Un mécanisme de vérification RDC-Rwanda mis en place en R.D. du Congo

8 juillet 2004

Les coulisses du troisième Sommet de l'Union africaine ont décidément été fertiles en décisions concernant les principaux pays africains en crise. La Mission de l'ONU en République Démocratique du Congo annonce qu'elle a déjà commencé à étudier les termes de référence du Mécanisme de vérification sur les sujets litigieux entre la RDC et le Rwanda, décidé à Addis-Abeba.

S'exprimant au cours du point de presse hebdomadaire de la Mission des Nations Unies en RDC, la MONUC, qui a eu lieu hier, sa responsable de l'information publique, Patricia Tomé a rappelé que lors d'un mini sommet sur la crise en République Démocratique du Congo (RDC) (carte), en marge du troisième sommet de l'Union Africaine à Addis-Abeba en Ethiopie, il a été décidé de la mise en place d'un Mécanisme de vérification sur les sujets litigieux et des réunions régionales régulières pour tenter d'apaiser les tensions actuelles entre la RDC et le Rwanda, indique un communiqué de la MONUC.

Mme Tome a indiqué qu'à l'issue de cette rencontre, le Secrétaire Général adjoint de l'ONU, chargé des opérations de maintien de la paix, M. Jean-Marie Guéhenno, a déclaré à la presse ''qu'il a été entendu que les Nations Unies, en liaison avec l'Union africaine, proposeraient un mécanisme de vérification''.

M. Guéhenno a précisé que ''les vérifications doivent porter à la fois sur la possibilité de présence des troupes étrangères en RDC, notamment la question qui est régulièrement posée par les autorités congolaises sur la présence des troupes rwandaises.

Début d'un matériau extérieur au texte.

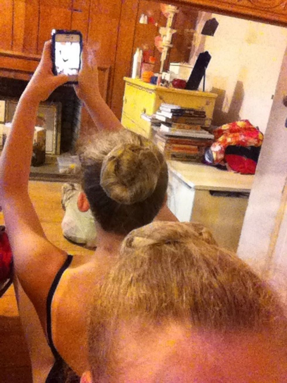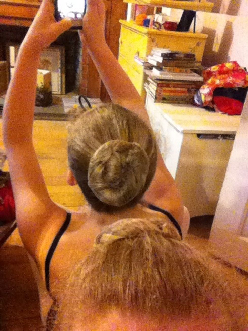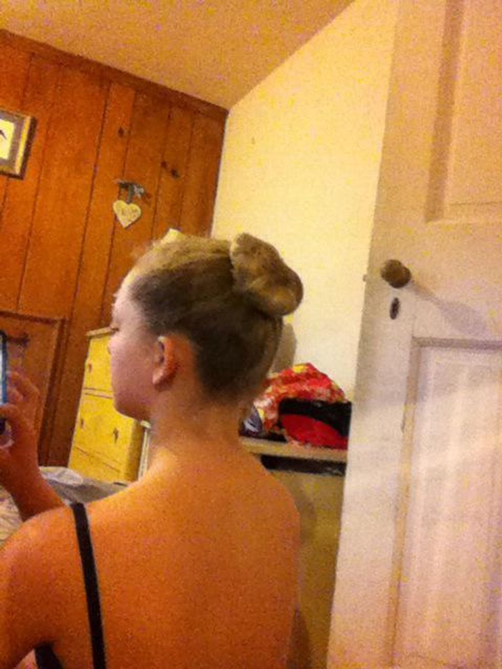 Twist one part of your hair and wrap it around your pony tail putting two bobby pins in to hold it up
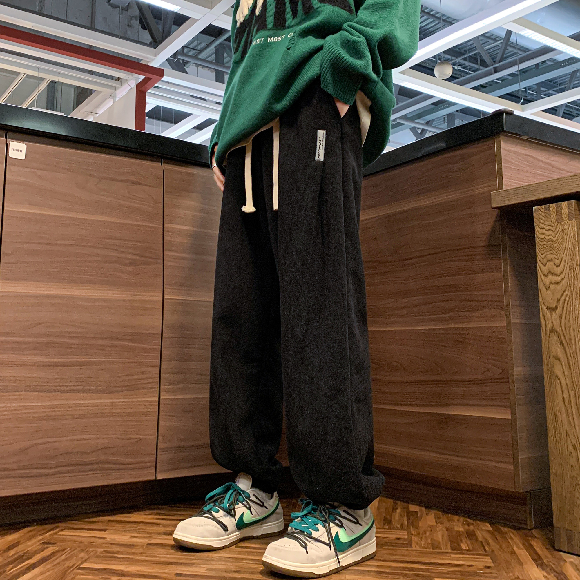 雪尼尔羊羔绒裤子男冬季大码宽松加绒阔腿灯芯绒直筒休闲男生裤子
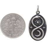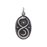 This silver infinity snake pendant with sun and moon draws you in and reminds us all of the cycles of endless returns in life. The infinity snake eating its own tail - speaks to the cyclic nature of the universe; that creation begins after destruction, and life springs forth from death. It is humanity's story and our place within it. A powerful symbol of endless return, the ouroboros gives us all hope. Carry this powerful charm in your jewelry collection as a reminder that life is a never-ending story.
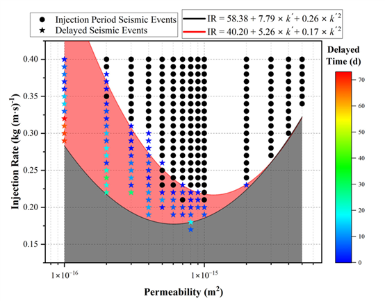 研究量化了流體-固體耦合效應(yīng)對(duì)地震時(shí)序、位置的影響,證實(shí)了完全耦合模型能更真實(shí)反映地震延遲特性,修正了傳統(tǒng)解耦/單向耦合模型導(dǎo)致的延遲時(shí)間預(yù)測(cè)偏差。通過大規(guī)模參數(shù)掃描,構(gòu)建了經(jīng)驗(yàn)化的注入速率-滲透率(IR-k)相圖,清晰劃分出“即時(shí)觸發(fā)”“延遲觸發(fā)”與“無觸發(fā)”三個(gè)區(qū)域,從而為現(xiàn)場(chǎng)注采方案優(yōu)化、風(fēng)險(xiǎn)分級(jí)管控與工程安全決策提供了可靠的物理依據(jù)和前瞻性評(píng)估工具。
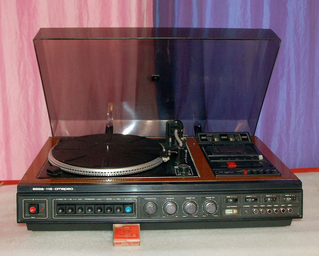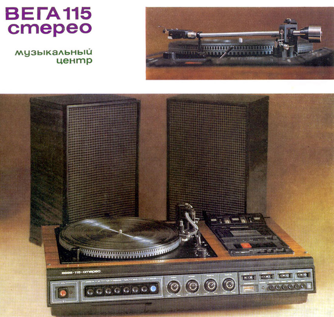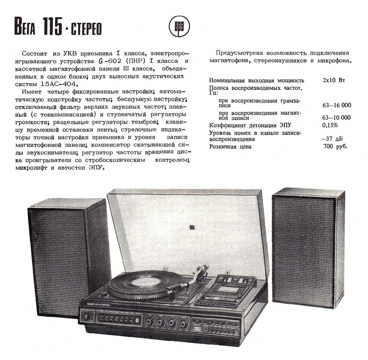 Комбинированное устройство *Вега-115-стерео* с 1978 года выпускал Бердский радиозавод. КУ предназначено для высококачественного воспроизведения моно и стерео магнитофонных и граммофонных записей, приёма моно и стерео ЧМ радиостанций. КУ включает в себя ЭПУ с электромагнитной головкой, микролифтом, автостопом, утяжеленным диском, подстройкой частоты вращения и стробоскопическим контролем, кассетную стереофоническую двухдорожечную МП, имеющую регуляторы уровня записи со стрелочными индикаторами. КУ имеет АПЧ, блок фиксированных настроек, БШН, сквозной стереотракт, выносные АС. Есть возможность подключения внешнего тюнера, магнитофона, микрофона, стереотелефонов. Чувствительность тюнера 4 мкВ. Диапазон рабочих частот - 4,56...4,11 МГц. Номинальная выходная мощность 2х10 Вт. Полоса воспроизводимых звуковых частот с ЭПУ - 31,5...16000 Гц. Питание: сеть с напряжением 110, 127, 220 или 240 В. Габариты основного блока - 610 х 420 х 210 мм, АС - 420 х 250 х 190 мм. Масса комплекта 38 кг. Цена КУ с АС - 700 рублей.
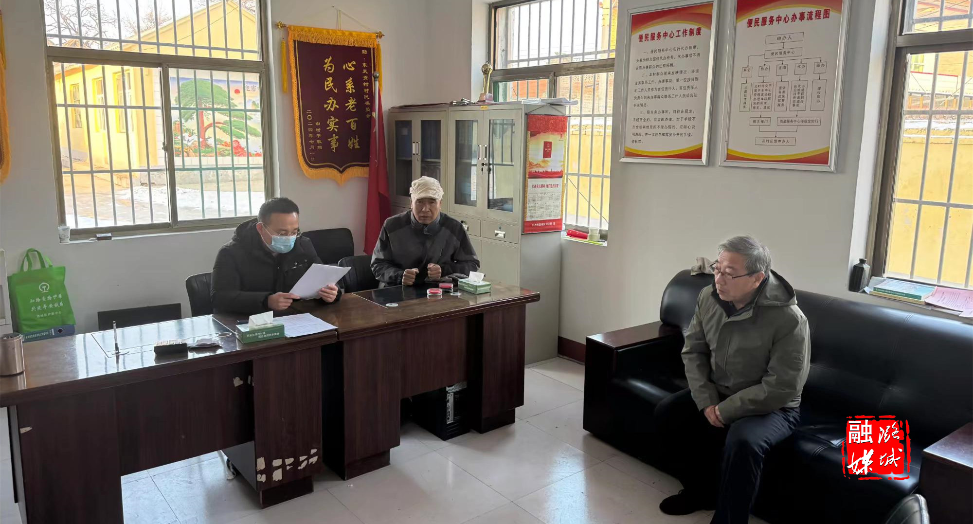 ▲史回镇相关负责人就基层党建、保暖保供、安全生产等工作进行督促指导。
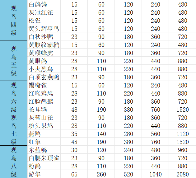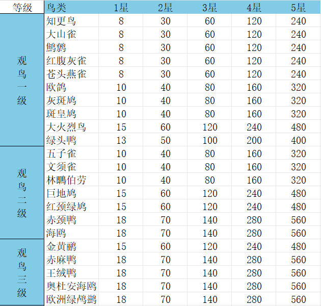 以上就是小编整理带来的《心动小镇手游》观鸟1-8级价格表,更多精彩内容,请点击关注手游网,小编将持续为您更新!
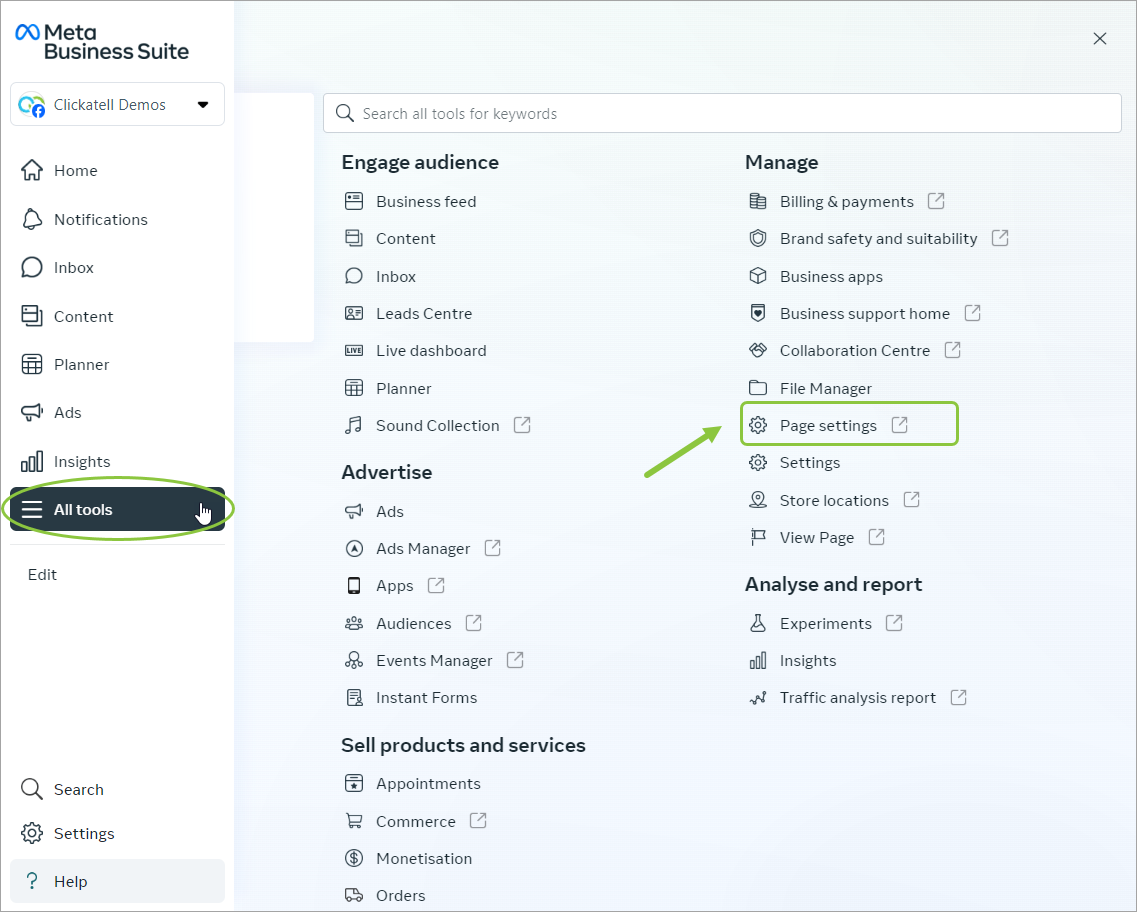 Log in to your Facebook Business Manager account and select All tools in the left panel and then Page Settings.

Parallèlement, elles doivent également porter sur des allégations de soutien aux ex-Far (anciennes Forces armées rwandaises) et Interahamwe''.

Le Représentant spécial du Secrétaire Général en RDC, William Lacy Swing, qui a participé à ce sommet aux côtés du Secrétaire Général Kofi Annan et de M. Guéhenno, revenu à Kinshasa mardi, a convoqué dès hier matin mercredi, une réunion au sein de la MONUC afin d'étudier le mandat de ce mécanisme de vérification, a déclaré Mme Tome, notant que les participants à la réunion d'Addis-Abeba ont souligné l'urgence de la mise en place d'un tel mécanisme.

La responsable de l'Information publique de la MONUC a signalé que de nouveaux affrontements s'étaient produits en Ituri, entre les Forces armées populaires du Congo (FAPC) et le Front des nationalistes intégrationnistes (FNI). Ces affrontements qui ont eu lieu dans les villages d'Avu, Rona, Ngote et Ndrele, ont provoqué des déplacements de civils depuis une semaine, a-t-elle indiqué. Elle a cependant affirmé que mardi, le calme était restauré, après qu'un cessez-le-feu a été conclu lundi soir entre les deux groupes armés, sous l'égide de la MONUC.

Malgré ces nouveaux affrontements, le retour des déplacés de l'Ituri dans leurs communautés d'origine se poursuit, a déclaré Patricia Tomé qui a indiqué que fin juin, 200 personnes avaient quitté le camp de déplacés de Bunia, qui abrite 14.000 personnes, et que 400 autres avaient fait de même début juillet.

''Nous constatons donc depuis plusieurs semaines un mouvement progressif de retour qui se confirme et devrait continuer notamment dans la ville de Bunia et sur l'axe Kasenyi'', a affirmé Mme Tome.

Elle a par ailleurs indiqué que la MONUC avait annoncé son intention de lancer un train humanitaire sur l'axe Kisangani-Ubundu, long de 125 kilomètres, qui aura pour fonction de livrer 25 tonnes de matériel se trouvant actuellement à Lubumbashi. Elle a souligné qu'il s'agit, ''après l'opération du train de la paix à Kindu, de travailler à moyen terme, non pas pour ouvrir des voies ferrées, mais pour relancer des trains humanitaires''.